Question

Find the midpoint of the segment with endpoints of −11 + i and −4 + 4i.

Answer 1

The midpoint is the average of the endpoints.
  ((-11+i) + (-4+4i))/2 = -15/2 +5/2i

Answer 2

Answer:  The midpoint of the line segment is $(-7.5+2.5i).$

Step-by-step explanation: We are given to find the mid-point of the line segment with endpoints as follows:

$A=-11+i,\\\\B=-4+4i.$

We know that a complex number can be treated as a co-ordinate of a point in the two dimensional plane.

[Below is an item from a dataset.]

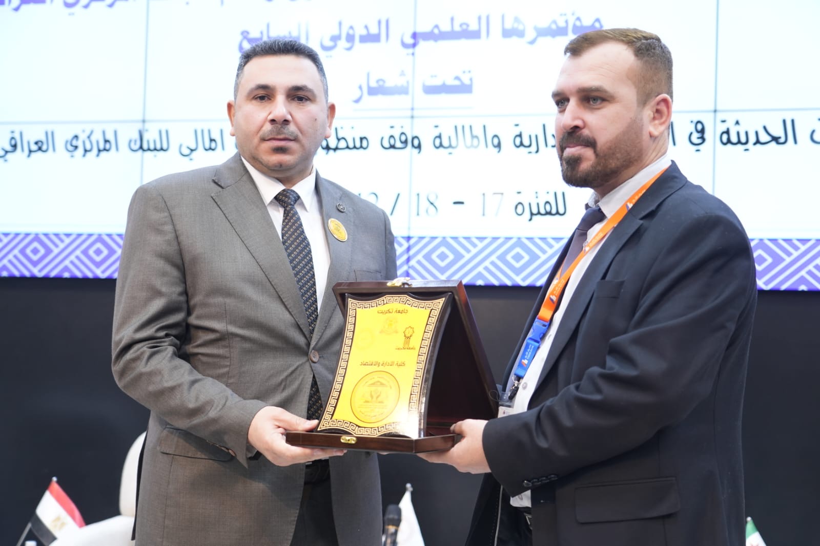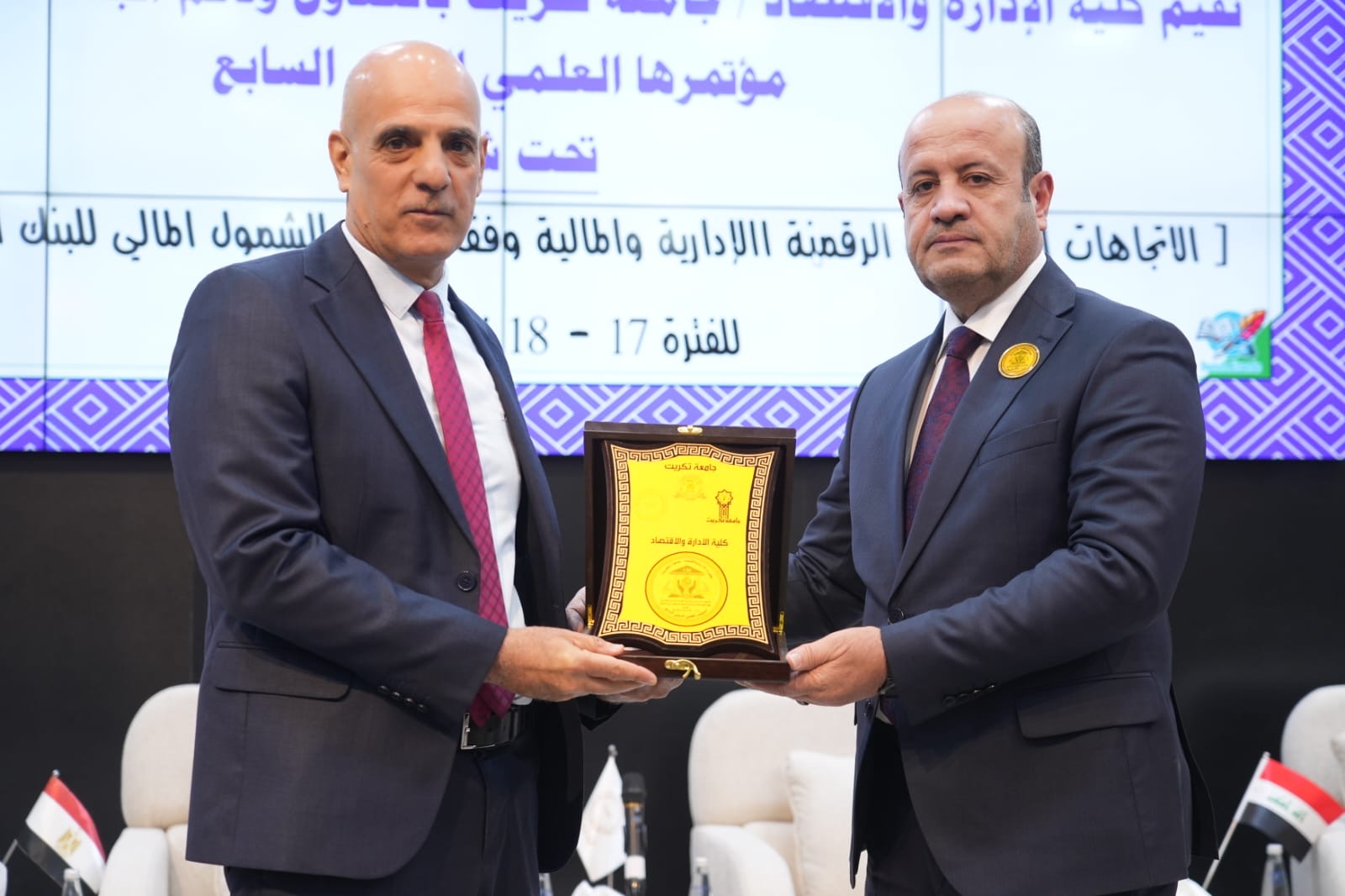 At the conclusion of the opening session, the President of the University, the speakers, and guests were honored with conference shields and shields of the Central Bank of Iraq. The Financial Inclusion Exhibition, organized by the Central Bank of Iraq in cooperation with the Iraqi Private Banks League, was also inaugurated in the courtyard of the College of Administration and Economics.

That is, if (x, y) is any point in the XY-plane, then we can write

(x, y)  ⇒  x + yi.

So, the points 'A' and 'B' can be written as

$A=-11+i=(-11,1),\\\\B=-4+4i=(-4,4).$

Therefore, the co-ordinates of the mid-point of the line segment with endpoints 'A' and 'B' are

$\left(\dfrac{-11+(-4)}{2},\dfrac{1+4}{2}\right)=\left(\dfrac{-15}{2},\dfrac{5}{2}\right)=(-7.5,2.5).$

So, (-7.5, 2.5) is the mid-point of the line segment AB.

Writing the co-ordinates of the mid-point in the form of a complex number, we have

(-7.5, 2.5)  ⇒  -7.5 + 2.5i.

Thus, the required midpoint is $-7.5+2.5i.$